老頭 發表於 2008-2-2 13:30:59

天啊!微軟拋出 446 億美金天價請求併購 Yahoo!

來源 Mr./Ms. Days (MMDays) - 網路, 資訊, 觀察, 生活


這個謠言已經由來已久,市場一直有傳出微軟有意收購業績不振的 Yahoo!,聯合起來對付最大的敵人 Google,現在這個謠言終於被證實了,微軟提出 446 億美金的天價,希望併購 Yahoo!,等於每股以 31 塊美金收購,這比起 Yahoo! 這幾天的股價足足高出了 62%!


也因此 Yahoo! 的股票也在消息傳出之後,瞬間暴漲了 50% ! Yahoo! 方面也說會認真考慮這項併購的提案,所有人都睜大眼睛在看 Yahoo! 是否會接受讓公司被微軟併購。

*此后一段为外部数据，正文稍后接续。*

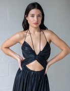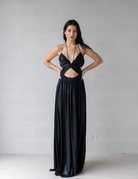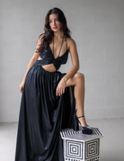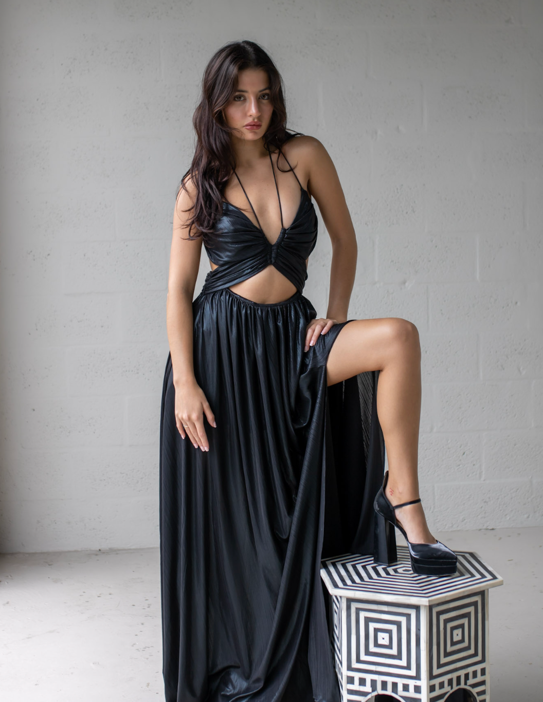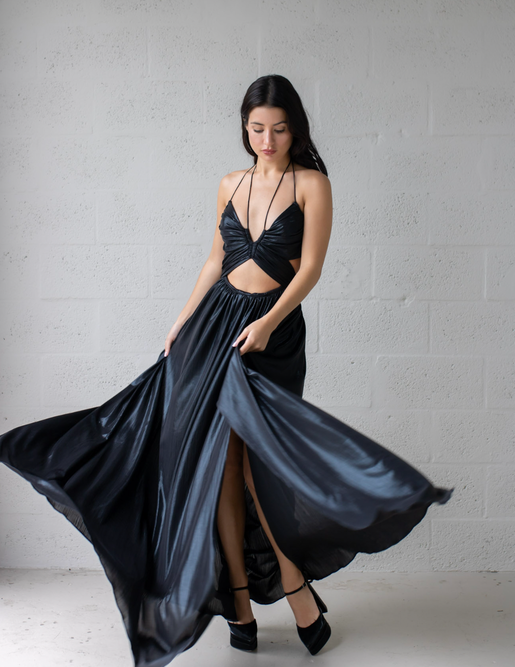 Our Querendona dress is a stunning floor-length gown that exudes elegance and allure. Made from a luxurious, flowing fabric, it hugs the body before cascading down to the ground. The dress features daring thigh-high slits on both sides, allowing for ease of movement and a glimpse of the legs with every step. Strategically placed cutouts along the waist and back add an element of surprise and sensuality, revealing just the right amount of skin while maintaining a sophisticated look.

此次併購的目的無非就是為了讓兩家公司聯合起來,搶攻日益茁壯、但卻被 Google 幾乎壟斷的線上廣告和搜尋市場。至於兩家公司加起來能不能發揮綜效,版回一成?亦或是被繁重的整合工作又更加拖累?錯失更多對抗 Google 的機會?我只能說,故事的發展真是令人期待!讓我們耐心等待 Yahoo! 的決定吧。

以下是微軟執行長 Steve Ballmer 給 Yahoo! 的公開信:(from TechCrunch)


January 31, 2008

Board of Directors
Yahoo! Inc.
701 First Avenue
Sunnyvale, CA 94089
Attention: Roy Bostock, Chairman
Attention: Jerry Yang, Chief Executive Officer

Dear Members of the Board:

I am writing on behalf of the Board of Directors of Microsoft to make a proposal for a business combination of Microsoft and Yahoo!. Under our proposal, Microsoft would acquire all of the outstanding shares of Yahoo! common stock for per share consideration of $31 based on Microsoft’s closing share price on January 31, 2008, payable in the form of $31 in cash or 0.9509 of a share of Microsoft common stock. Microsoft would provide each Yahoo! shareholder with the ability to choose whether to receive the consideration in cash or Microsoft common stock, subject to pro-ration so that in the aggregate one-half of the Yahoo! common shares will be exchanged for shares of Microsoft common stock and one-half of the Yahoo! common shares will be converted into the right to receive cash. Our proposal is not subject to any financing condition.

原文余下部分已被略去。